Se mi avete seguito durante il viaggio, avrete capito che con Lampedusa non è stato amore. Purtroppo, o per fortuna, non sono capace di mentire, perciò in questo post cercherò di elencare pregi e difetti dell’isola. Lo farò come se stessi parlando a un amico che mi chiede consiglio, indeciso su dove andare in vacanza la prossima estate: semplicemente, tutto quello che dovreste sapere su Lampedusa.
No, se anche solo per un istante avete pensato a presunte emergenze migranti dimenticatevene subito: le dichiarazioni allarmiste e la vita reale di Lampedusa sono due mondi molto lontani tra loro. Perciò se il vostro unico dubbio in merito all’isola riguarda questo, partite tranquilli.

Dove dormire a Lampedusa e altri consigli
L’isola di Lampedusa fa parte dell’arcipelago delle Pelagie e si trova circa 200 km a sud della Sicilia. Sebbene ci siano dei collegamenti in traghetto o aliscafo proprio dalla Sicilia, il modo più semplice per arrivare è l’aereo e d’estate molte compagnie offrono voli dalle principali città italiane.
Lampedusa è composta da un unico paese, dove si trovano l’aeroporto, il porto – o meglio i porti, vecchio e nuovo -, la gran parte delle strutture ricettive, i supermercati, tutto.
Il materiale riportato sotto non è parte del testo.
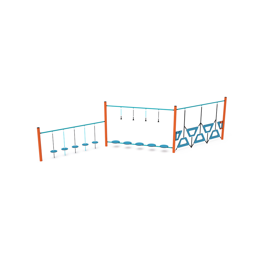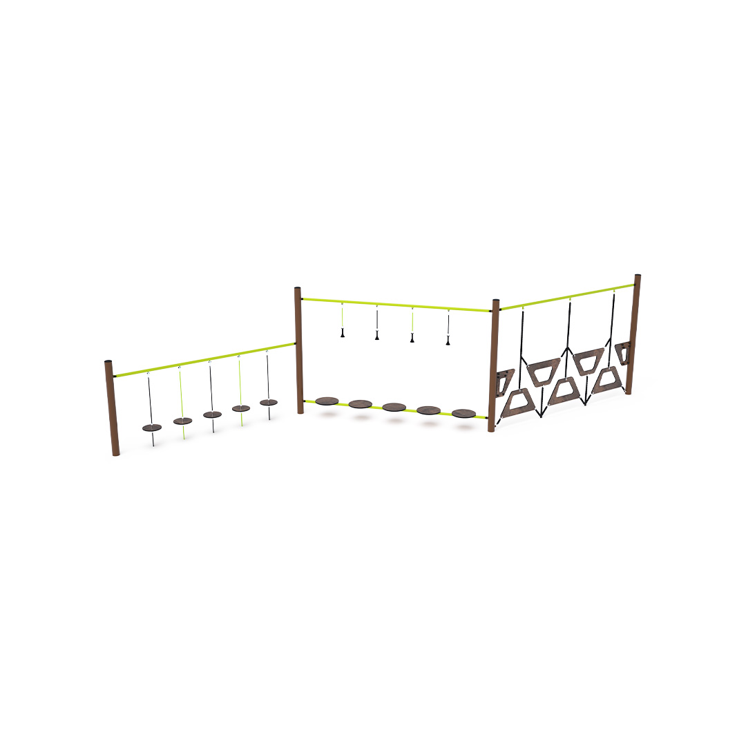 Opičia dráha vytvorená kombináciou troch častí - lichobežníkovej steny, balančnými nášľapmi s voľne zavesenými rúčkami a balančnými diskami. Prechádzať z jedného voľne visiaceho kameňa na ten nasledujúci nie je vôbec ľahké. Prekonávanie tohto herného prvku je nie len zábava, ale aj námaha. Herný prvok je vyrobený zo zinkovanej ocele s kvalitnou povrchovou úpravou - práškovým lakovaním, spoje sú nerezové a zakryté plastovými krytkami pre zvýšenie bezpečnosti a životnosti spojov. Laná sú vyrobené z polyesterových vlákien s oceľovým jadrom, ktoré sú vinuté okolo stredu. Táto konštrukcia lana zvyšuje jeho pevnosť a odolnosť proti mechanickému namáhaniu. Samotný polyester má veľa kladných vlastností. Je odolný voči mikroorganizmom, poveternostným vplyvom, rýchlo schne po daždi, je stálofarebný a vyznačuje sa vysokou pevnosťou.

Il centro nevralgico è Via Roma, in cui si possono trovare negozi di abbigliamento e souvenir, ristoranti e gastronomie, perciò questa è anche la zona in cui si concentrano molti degli alloggi disponibili
Di media un appartamentino per due persone vi costerà almeno 70/80€ a notte in bassa stagione, di più ad agosto, mentre per una stanza in hotel o in dammuso – l’abitazione tipica dell’isola – si parte dai 100€ a notte e sempre prenotando con grande anticipo. Il promo consiglio che mi sento di dare è quindi di bloccare un alloggio per tempo, confrontando le varie opzioni su portali come Booking. Magari partendo da questi tre suggerimenti (uno per ogni tipologia):
- Gli appartamenti del Borgo Marino Residence se cercate un soggiorno indipendente;
- I dammusi di Borgo Cala Creta per un alloggio tradizionale e a due passi dal mare;
- Le camere dell’hotel Mir Mar per la posizione centrale.
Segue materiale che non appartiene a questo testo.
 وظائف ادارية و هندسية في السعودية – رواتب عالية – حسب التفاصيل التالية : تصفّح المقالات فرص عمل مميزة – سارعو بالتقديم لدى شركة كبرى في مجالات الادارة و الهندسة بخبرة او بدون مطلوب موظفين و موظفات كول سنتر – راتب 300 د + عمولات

L’accoglienza siciliana è sempre speciale, tutti faranno il possibile per farvi sentire a casa, dal proprietario del vostro alloggio che viene a prendervi in aeroporto all’anziano in fila dal benzinaio che vi fa passare avanti perché “per voi turisti ogni istante qui è prezioso”. Non parlerò poi del cibo, perché ho ancora delle crisi d’astinenza da cannoli e pasta alla norma.
Per spostarvi vi servirà un mezzo a noleggio, va benissimo uno scooter visto che l’isola è molto piccola. Potrete chiedere di procurarvene uno direttamente al proprietario del vostro alloggio. Può capitare che la benzina finisca e che si debba aspettare 1 giorno prima che sia di nuovo disponibile, perciò cercate di non andare troppo in riserva.
L’acqua è fantastica, di un azzurro intenso e limpidissima. Non servono filtri: il mare di Lampedusa è naturalmente meraviglioso.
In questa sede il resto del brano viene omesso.